Slowness in Multisite

Dear All,

We are having check_mk version 1.5.0p21, configured multiple check_mk slaves.

Configured Status host to tackle the slowness.

Then also facing slowness at multisite level where one or two slaves are not responding.

Please let me know any solution to this slowness issue.


Raw or Enterprise edition?

With CEE you should use liveproxyd:

We are using RAW edition

Is the status host down when the livestatus connection to the remote site is not possible?

We are facing problem when host is UP but not able to reach port 6557 of slave server.

This situation cannot be remedied.

It think it is possible :slight_smile: to resolve this problem.
Create your status host on the main site and don’t use the ping as host check command.
Create a active check to test if port 6557 is available on the slave site. Then use this check result for your host check command.
If you want to extend this a little bit more you can use an active check what really tests if livestatus is answering your query.

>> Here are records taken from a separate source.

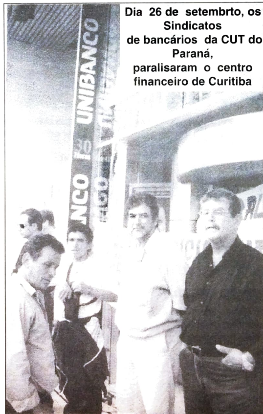
Dia 26 de setembro, os Sindicatos de bancários da CUT do Paraná, paralisaram o centro financeiro de Curitiba

As excessões ficam por conta de alguns gerentes, a exemplo do Sr. Sodrê de Campo Mourão, que desrespeitou a decisão de assembleia abrindo a agência, ficando na porta chamando os clientes para
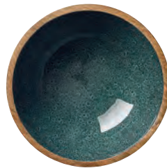
5 MINERAL COAL
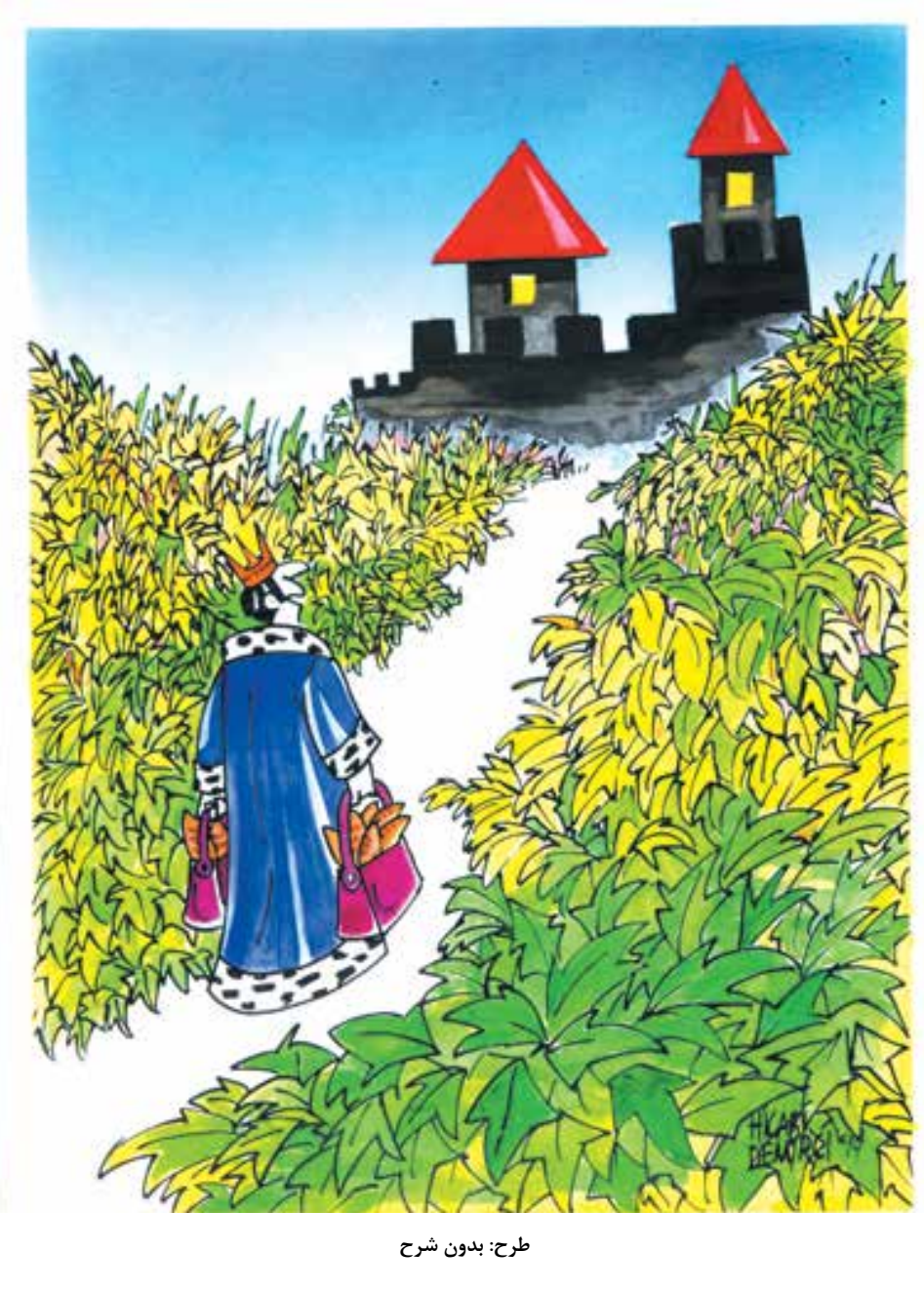
طرح: بدون شرح
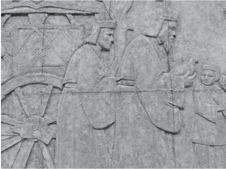
圖 3 雕塑科師生創作，〈孔子問禮於老子〉局部之一，水泥上色，706×304 cm，1969，國立臺灣藝術大學版畫藝術研究所右側。
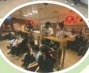
康樂場地管理業參觀 香港鄉村俱樂部
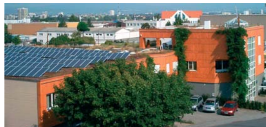
Der DACHLAND Firmensitz in Mainz

Mehr als 3 Millionen Quadratmeter verlegte Dachabdichtung im In- und Ausland.
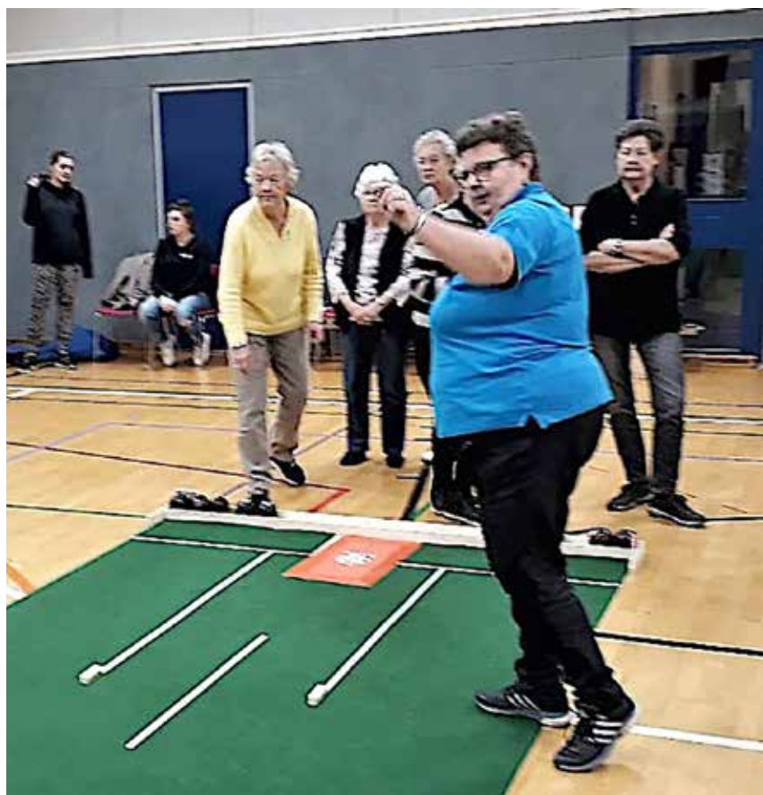
Bowls i Kejtum – 32 ældre var mødt op for at lære noget nyt.
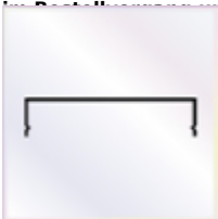
10 Stück a 3500 mm Wandanschlußprofil mit Aufkantung zum Versiegeln und Lippendichtung

OPTIONAL Alu - Abdeckprofil als passendes Klemmprofil für vorgenan. Verbindungsprofile Ausführung: weiß / braun / silber lackiert - Bitte die gewünschte Farbe im Bestellkommentar unter Bemerkung angeben.
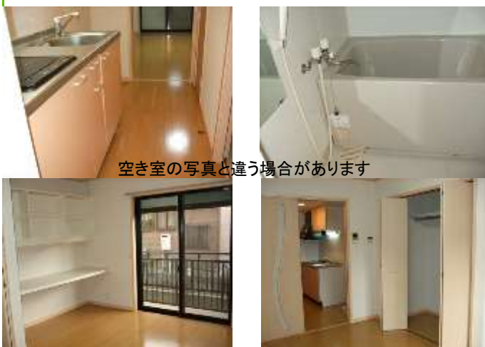
空き室の写真と違う場合があります
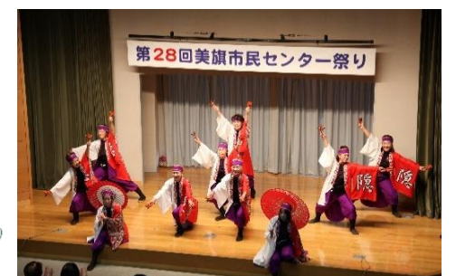
▲大トリはやっぱり Seyate 隠!!

美旗まちづくり協議会のInstagramにて 美旗市民センター祭りの様子を 写真や動画でご覧いただけます。 フォローよろしくお願いします。
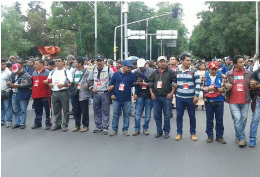
Maestros en marcha, cdMx, 11 julio 2016.

Frente de Trabajadores de la Energía, de México
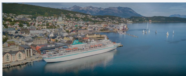
Harstad Cruise nettverk
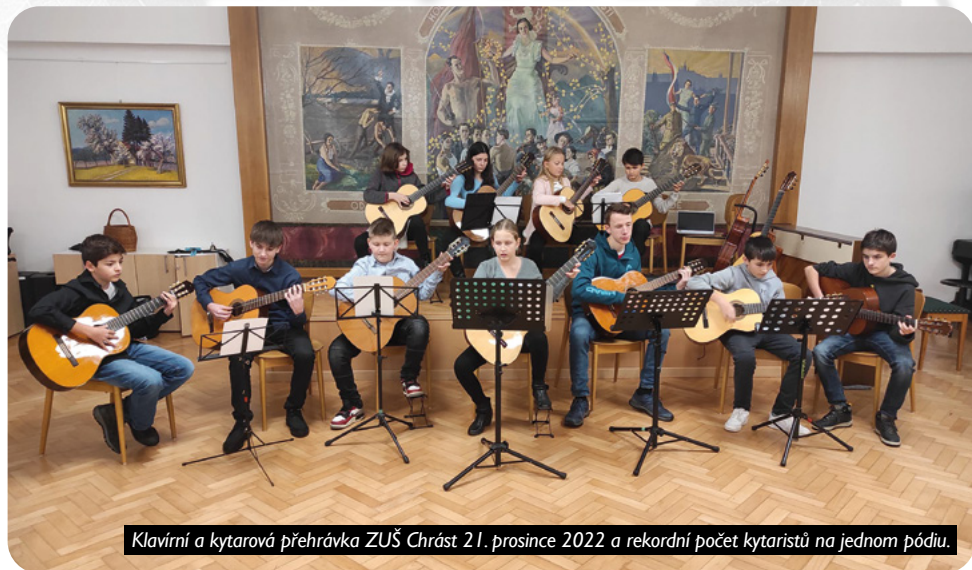
Klaviřní a kytarová přehrávka ZUŠ Chrást 21. prosince 2022 a rekordní počet kytaristů na jednom pódiu.

V letošním roce slaví ZUŠ Chrást 50 let svojí samostatné existence. Kromě řady menších akcí k tomuto výročí se připravujeme především na Slavnostní koncert žáků, na který vás srdečně zveme do Lidového domu v Chrástu v pátek 28. dubna.

I have set host check command to “telnet 6557” of slave servers but UI not responding after this change.

No telnet,
Do it the following way.

  • create a normal status host with ping and one active check - “Check connecting to a TCP port” with port 6557
  • test if this is working
  • now change the host check command from ping to “Use the status of the service …” now insert here the name of your TCP port check like it is in your GUI
  • now check if the host shows down if you livestatus on the slave is stopped
  • if this is working you can use this status host inside your distributed configuration
Yes, I have done in same way. instead of service active check, i mentioned host check to TCP connect 6557 of Slave servers.

anyways I will try your steps as well. I will update you.

Thank you

I have Configured the “TCP Port connect to 6557” of all slaves as active check.
Configured Site configuration, Host check command to active check of respective slave.

Still the response of the multimaster is very slow. (But yes, it is better than earlier)

I have observed, some of slaves are UP and able to Telnet on port 6557 but livestatus query is taking longer time to respond. So Check_mk waits for (30 Sec) Timeout settings of respective slave in site configuration.

Is there any way to improve livestatus query response ??